Thanks for those articles. I never can find things to read like that. Just out of curiosity, why don't you think the Israel stance is questionable? Do you mean in a sense of we won't abandon them?


----------



## Manolito (Aug 5, 2011)

QC as you know I have been studying and I thought I was just starting to understand and Dr. Scheuer comes along and says none of us understand. His whole thought appears to be fix our oil supply and sit back and let the Muslim worlds work it out among themselves and Israel.
Is there any hope this could happen?
TH15 thanks for the post I appriciate it. This subject leaves me unsettled in knowing if a person wants to die for a cause they will find a way to be successful.


----------



## TH15 (Aug 5, 2011)

Manolito said:


> QC as you know I have been studying and I thought I was just starting to understand and Dr. Scheuer comes along and says none of us understand. His whole thought appears to be fix our oil supply and sit back and let the Muslim worlds work it out among themselves and Israel.
> Is there any hope this could happen?
> TH15 thanks for the post I appriciate it. This subject leaves me unsettled in knowing if a person wants to die for a cause they will find a way to be successful.
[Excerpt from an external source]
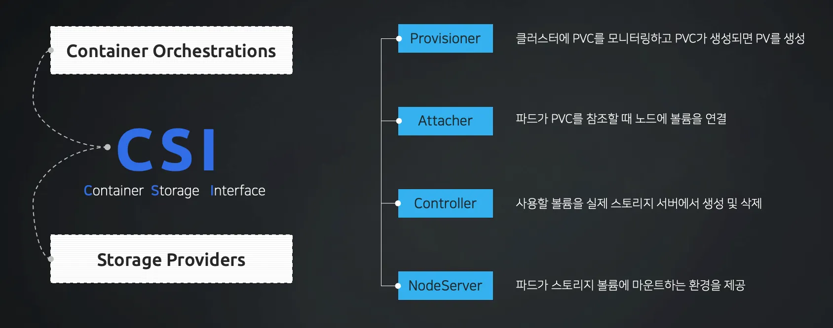 스토리지 시스템과 쿠버네티스 간의 연결을 표준화 합니다.

No problem. There's a bunch of solid interviews he does on Youtube. Every one of them is worth watching. Certainly makes you wonder about the things Big Brother has been telling us..


----------



## QC (Aug 6, 2011)

It's 0033 kilo so It comes with a rider. But the west is IMO absolutely correct in not getting involved in the Arab Spring. From our POV it's a trifle unaffordable and from theirs, esp Libya they look to their colonial past and understand that to get the west more involved would create more problems than it solves. Sheuer is correct but skims over isssues that have more depth than can be covered in a sound byte.


----------



## TH15 (Aug 6, 2011)

Interesting. I've been watching Obsession: Radical Islam's War Against the West...and now I am back to square one, like Bill said. Very complicated..


----------



## is friday (Aug 25, 2011)

TH15 said:


> Interesting. I've been watching Obsession: Radical Islam's War Against the West...and now I am back to square one, like Bill said. Very complicated..


I just watched this as well. Kind of dated ('06) but quite interesting. I had never connected the similarities between Nazism and radical Islam.


----------



## QC (Aug 26, 2011)

Oh yes. The radicals haven't been sighted in Libya in the melee there, so far. Though I would imagine that being more of a radical than Gadaffi would be difficult but not impossible.


----------



## TH15 (Aug 26, 2011)

QC said:


> Oh yes. The radicals haven't been sighted in Libya in the melee there, so far. Though I would imagine that being more of a radical than Gadaffi would be difficult but not impossible.


Actually I just saw yesterday where a guy is calling himself one of the leaders of the rebels and he apparently has ties to AQ and some other radical Islamist group. I'll post the link, if there is one, when I find it. I saw it on Fox News.


----------